* **EXERCISE DIRECTIONS**: For the data below, retype word for word the lines from the one containing "GE2025: PAP’s Poh" through the one containing "2025 年北医三院北方院区新春贺词"; drop the pictures.

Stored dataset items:
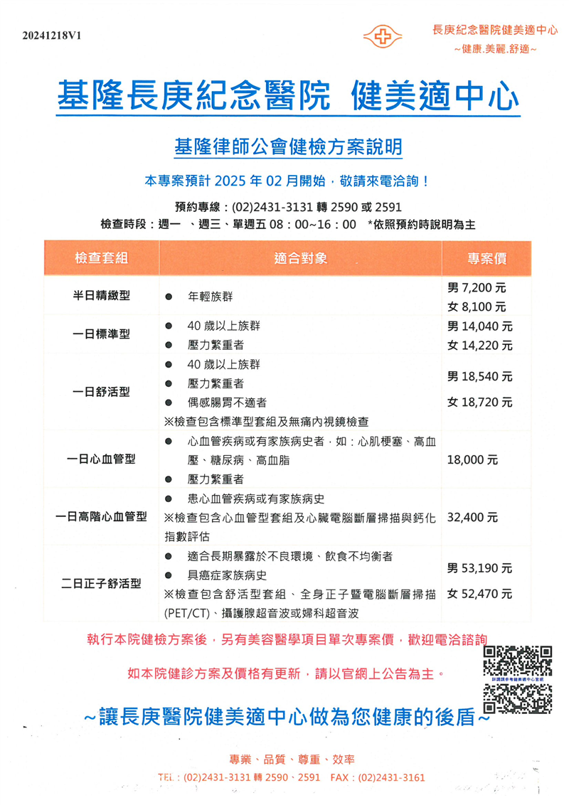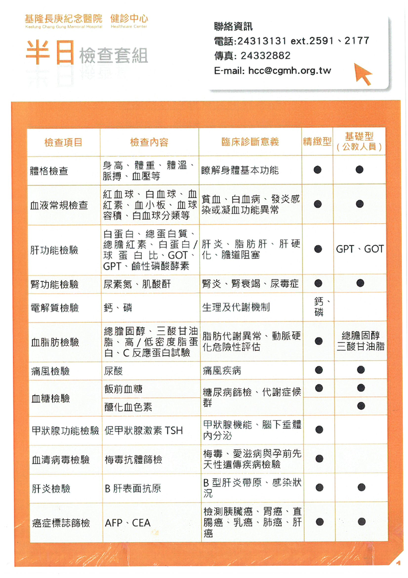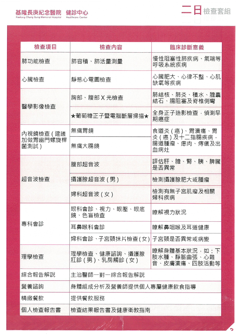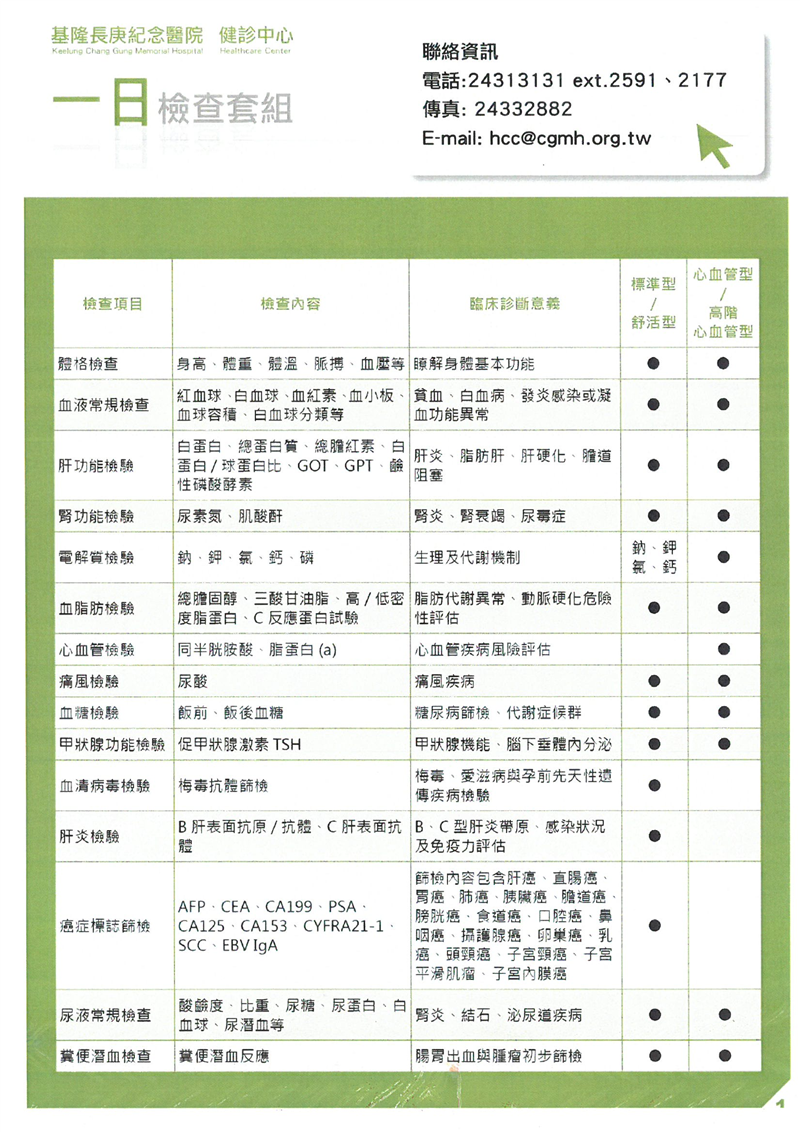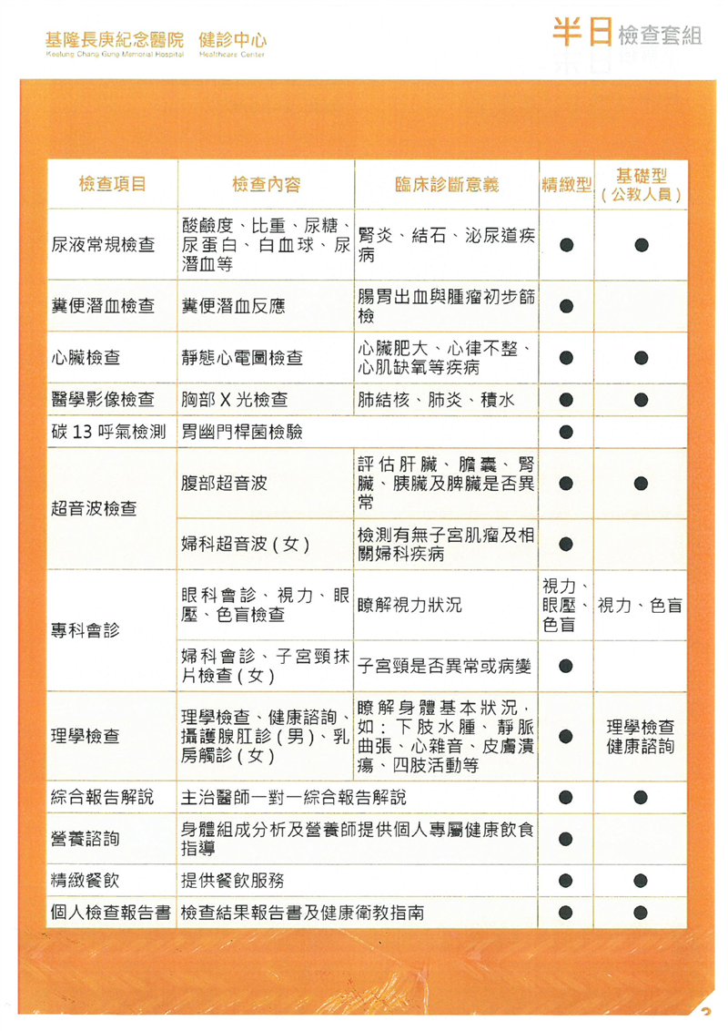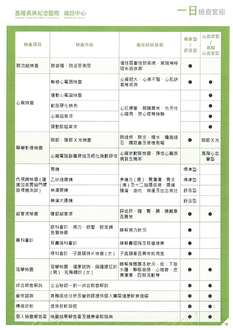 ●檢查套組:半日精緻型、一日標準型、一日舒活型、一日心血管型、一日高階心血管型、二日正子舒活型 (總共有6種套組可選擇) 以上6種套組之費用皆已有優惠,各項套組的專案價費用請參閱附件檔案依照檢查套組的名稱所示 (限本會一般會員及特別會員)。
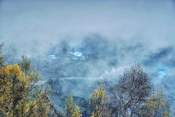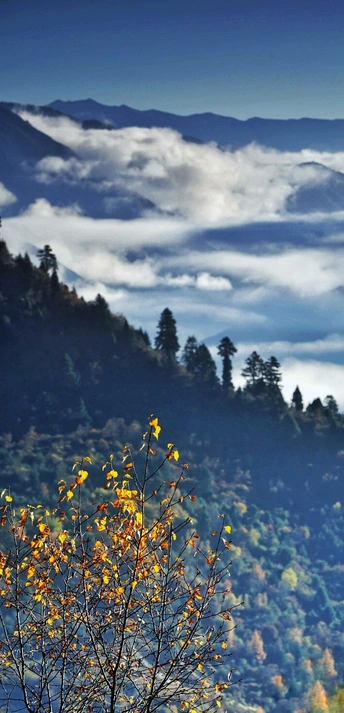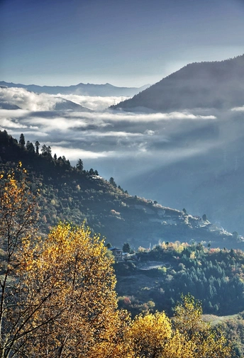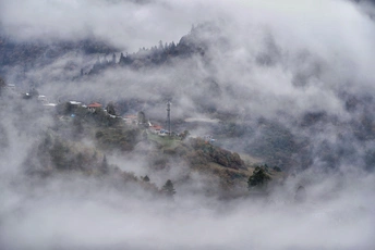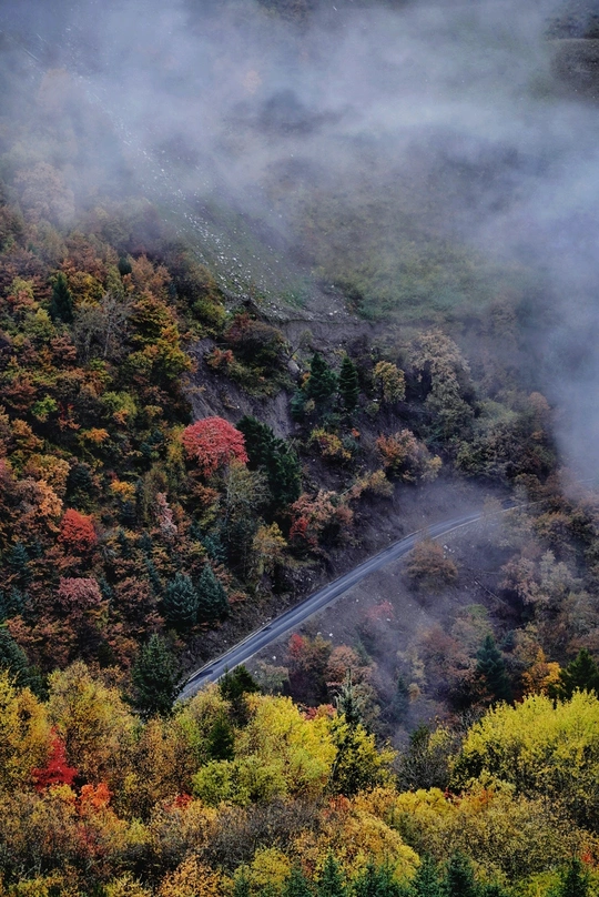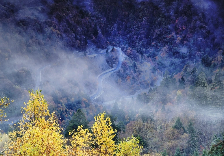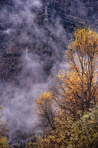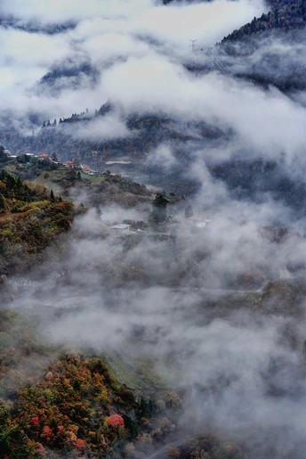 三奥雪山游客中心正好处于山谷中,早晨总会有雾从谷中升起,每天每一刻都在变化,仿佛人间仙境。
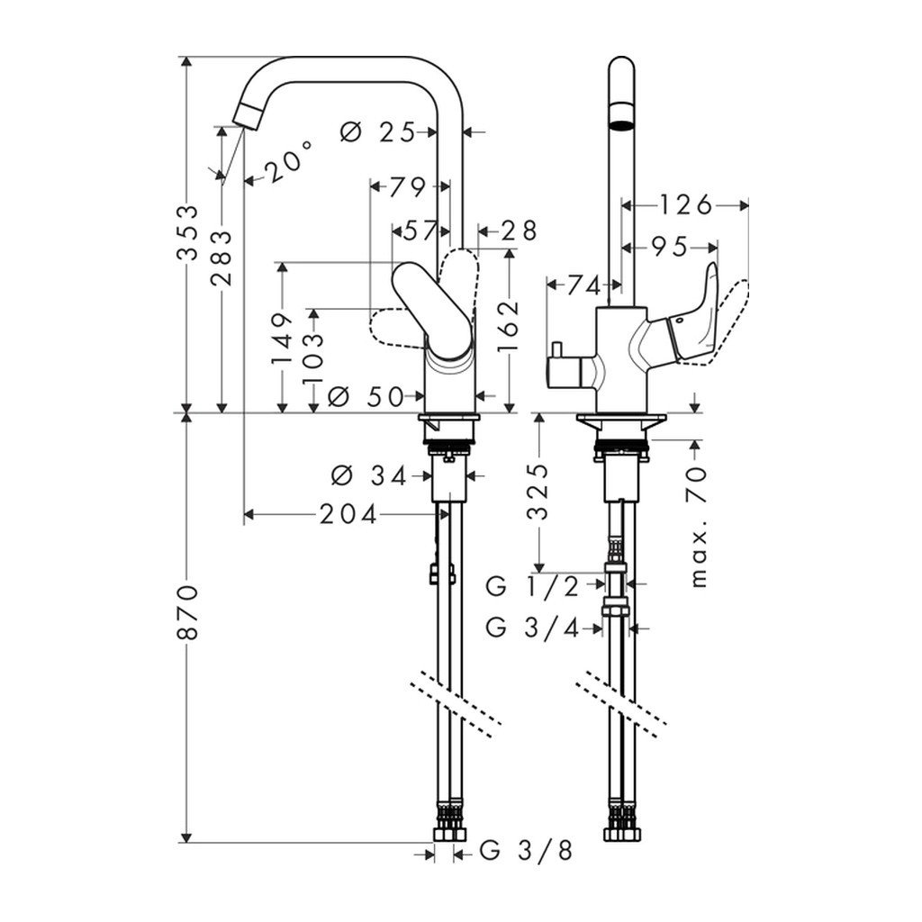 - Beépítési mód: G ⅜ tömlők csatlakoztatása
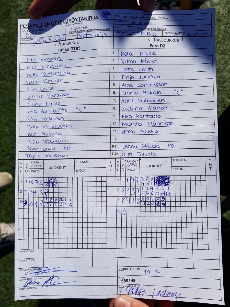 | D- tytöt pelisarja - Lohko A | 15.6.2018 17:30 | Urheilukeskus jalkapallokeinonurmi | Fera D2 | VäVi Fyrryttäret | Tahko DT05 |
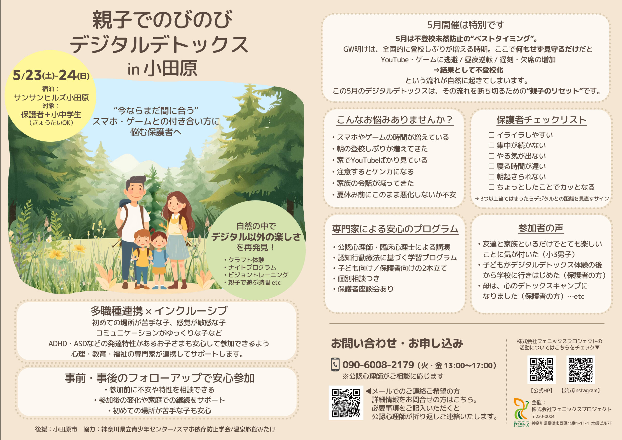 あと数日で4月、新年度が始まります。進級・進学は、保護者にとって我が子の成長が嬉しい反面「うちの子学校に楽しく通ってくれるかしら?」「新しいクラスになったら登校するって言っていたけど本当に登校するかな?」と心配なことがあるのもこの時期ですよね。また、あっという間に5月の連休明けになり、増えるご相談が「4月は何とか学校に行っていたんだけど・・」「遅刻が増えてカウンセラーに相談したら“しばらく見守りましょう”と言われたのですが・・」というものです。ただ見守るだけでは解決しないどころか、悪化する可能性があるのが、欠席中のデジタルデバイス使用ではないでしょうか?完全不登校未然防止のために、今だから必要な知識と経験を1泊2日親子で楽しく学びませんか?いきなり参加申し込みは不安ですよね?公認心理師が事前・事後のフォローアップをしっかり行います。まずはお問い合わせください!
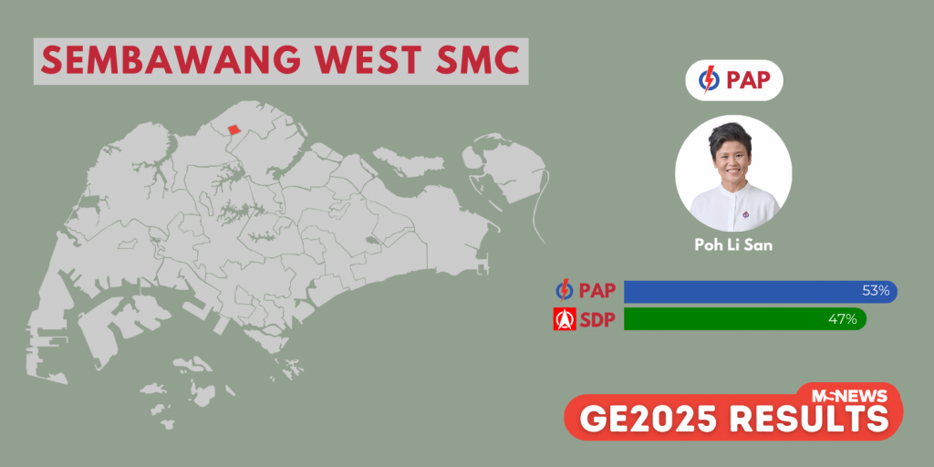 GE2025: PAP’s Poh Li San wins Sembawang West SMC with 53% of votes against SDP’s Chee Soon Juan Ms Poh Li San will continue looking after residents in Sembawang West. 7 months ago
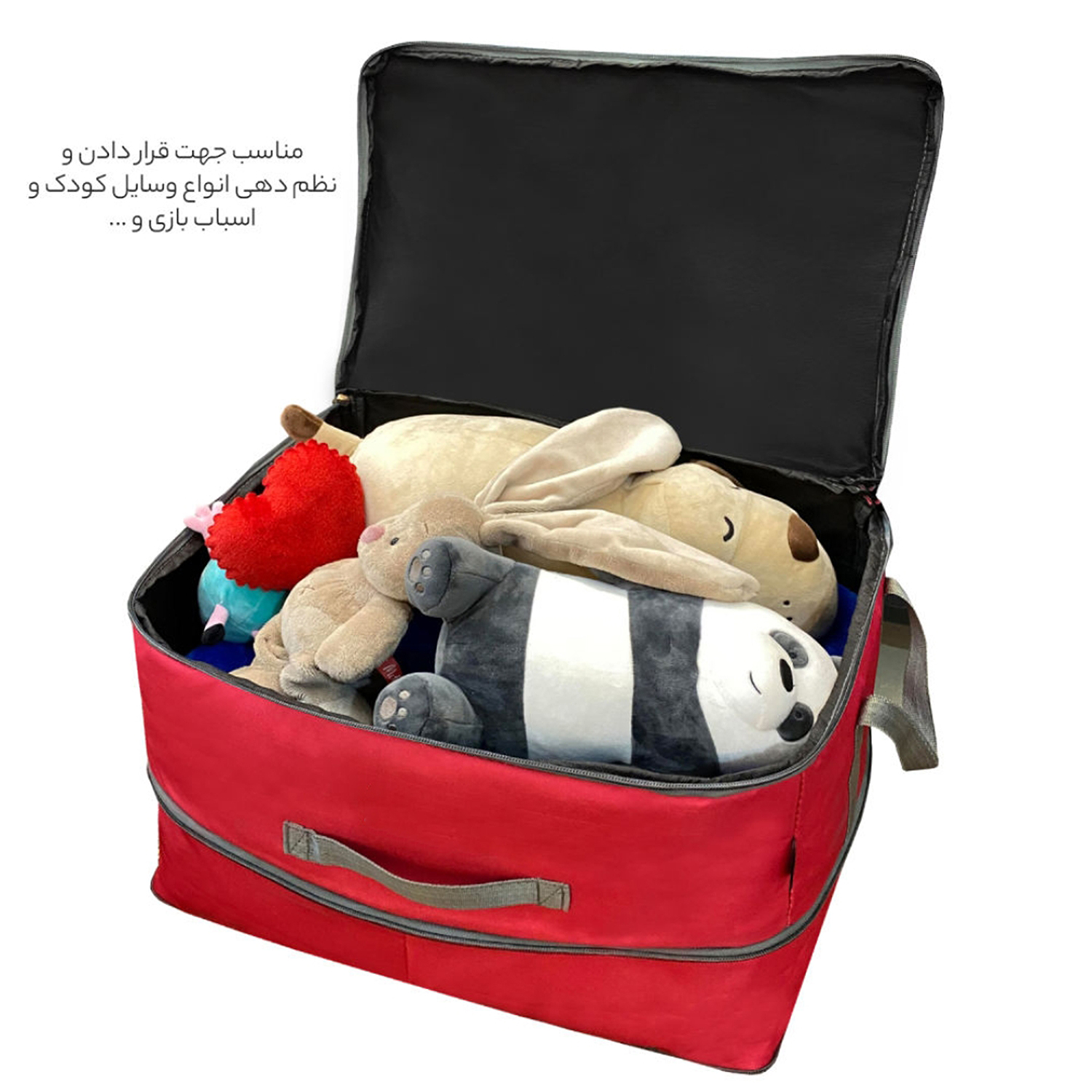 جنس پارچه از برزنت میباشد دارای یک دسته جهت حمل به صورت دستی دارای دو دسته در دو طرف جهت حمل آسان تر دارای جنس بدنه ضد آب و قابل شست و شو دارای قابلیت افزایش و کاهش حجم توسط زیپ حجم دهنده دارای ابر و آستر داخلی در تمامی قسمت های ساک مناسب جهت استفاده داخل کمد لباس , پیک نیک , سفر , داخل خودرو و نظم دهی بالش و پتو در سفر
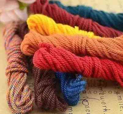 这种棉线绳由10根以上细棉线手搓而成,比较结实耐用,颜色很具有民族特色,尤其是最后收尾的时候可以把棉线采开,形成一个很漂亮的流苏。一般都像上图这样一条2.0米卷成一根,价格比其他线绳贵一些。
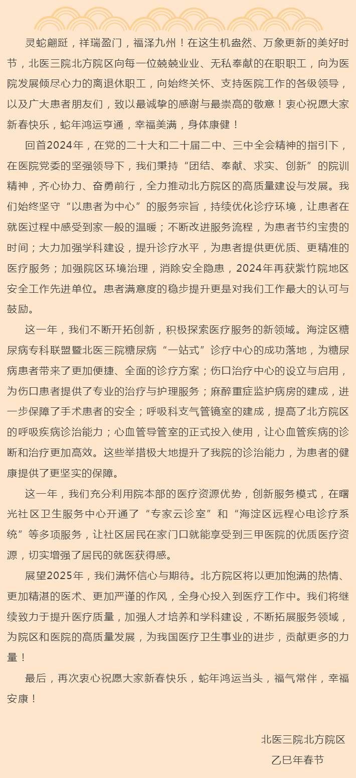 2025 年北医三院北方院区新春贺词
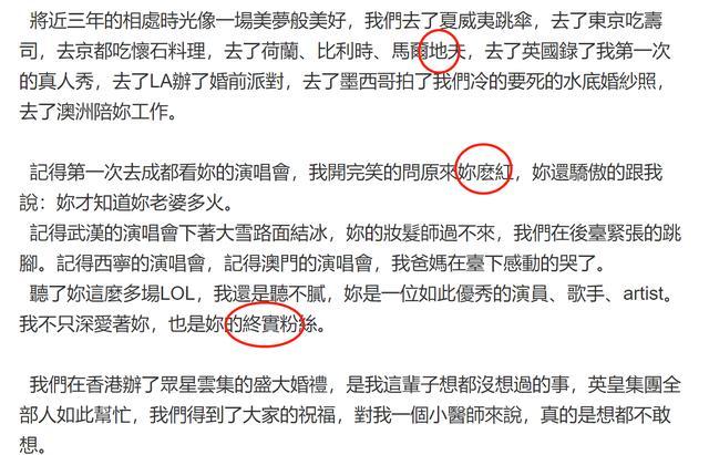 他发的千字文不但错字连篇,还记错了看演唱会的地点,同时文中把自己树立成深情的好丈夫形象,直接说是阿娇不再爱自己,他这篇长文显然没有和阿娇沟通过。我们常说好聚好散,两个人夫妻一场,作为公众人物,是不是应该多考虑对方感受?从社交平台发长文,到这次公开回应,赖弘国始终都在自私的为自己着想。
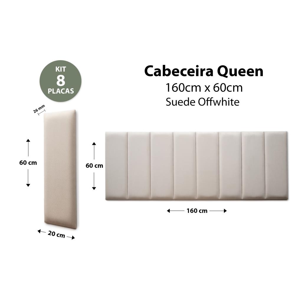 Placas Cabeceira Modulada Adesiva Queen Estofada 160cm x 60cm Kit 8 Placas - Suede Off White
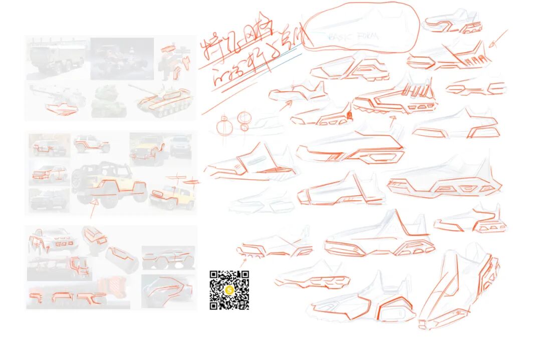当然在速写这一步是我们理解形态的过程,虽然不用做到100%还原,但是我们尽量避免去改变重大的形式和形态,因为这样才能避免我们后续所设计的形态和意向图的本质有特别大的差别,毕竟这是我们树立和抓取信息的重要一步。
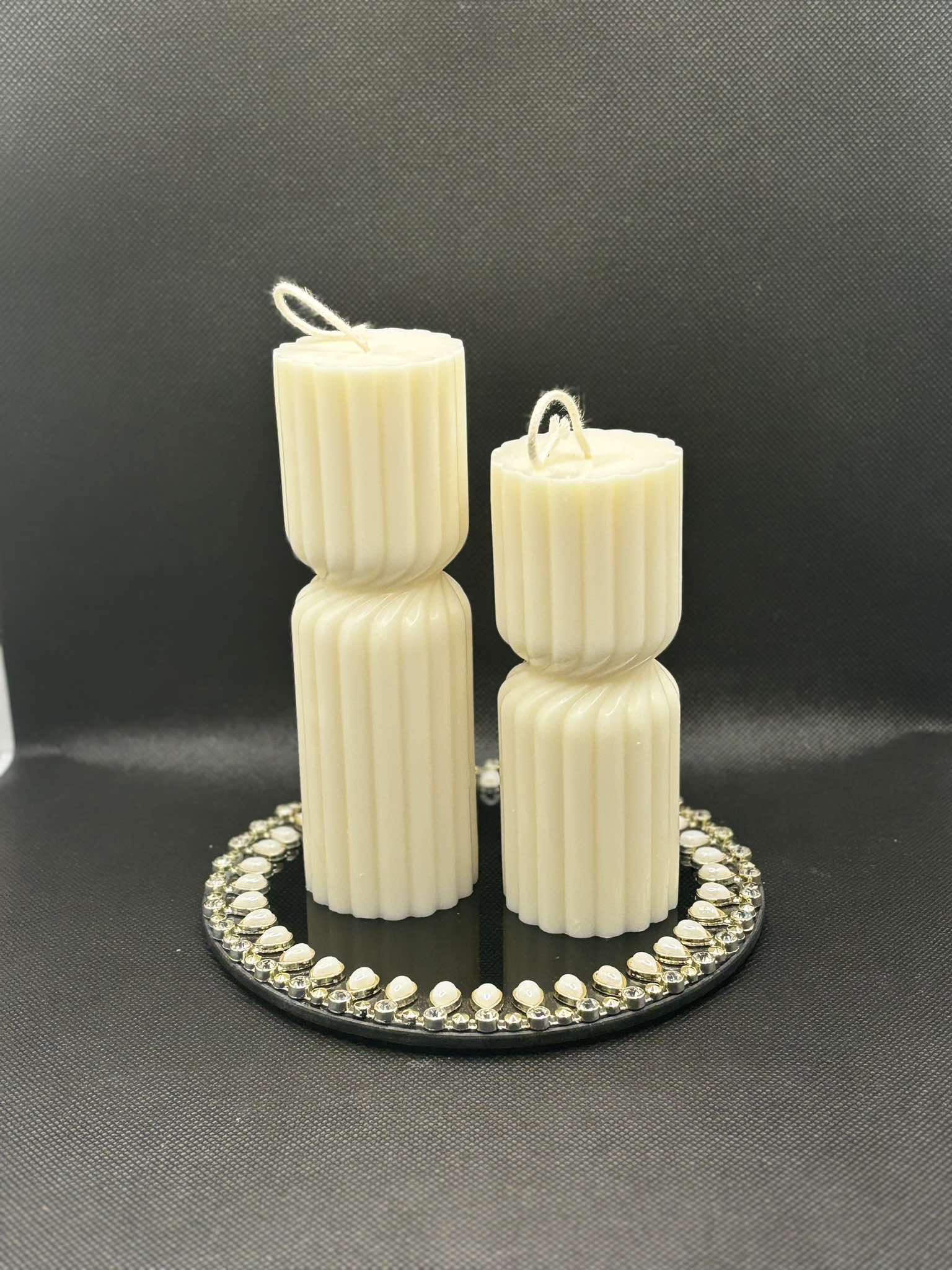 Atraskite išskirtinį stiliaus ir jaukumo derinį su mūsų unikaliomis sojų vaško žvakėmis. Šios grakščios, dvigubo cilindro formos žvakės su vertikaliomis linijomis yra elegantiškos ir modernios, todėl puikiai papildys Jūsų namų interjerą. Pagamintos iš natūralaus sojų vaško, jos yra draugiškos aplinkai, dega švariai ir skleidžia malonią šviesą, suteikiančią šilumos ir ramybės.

* **EXERCISE RESULT**:
 GE2025: PAP’s Poh Li San wins Sembawang West SMC with 53% of votes against SDP’s Chee Soon Juan Ms Poh Li San will continue looking after residents in Sembawang West. 7 months ago
 جنس پارچه از برزنت میباشد دارای یک دسته جهت حمل به صورت دستی دارای دو دسته در دو طرف جهت حمل آسان تر دارای جنس بدنه ضد آب و قابل شست و شو دارای قابلیت افزایش و کاهش حجم توسط زیپ حجم دهنده دارای ابر و آستر داخلی در تمامی قسمت های ساک مناسب جهت استفاده داخل کمد لباس , پیک نیک , سفر , داخل خودرو و نظم دهی بالش و پتو در سفر
 这种棉线绳由10根以上细棉线手搓而成,比较结实耐用,颜色很具有民族特色,尤其是最后收尾的时候可以把棉线采开,形成一个很漂亮的流苏。一般都像上图这样一条2.0米卷成一根,价格比其他线绳贵一些。
 2025 年北医三院北方院区新春贺词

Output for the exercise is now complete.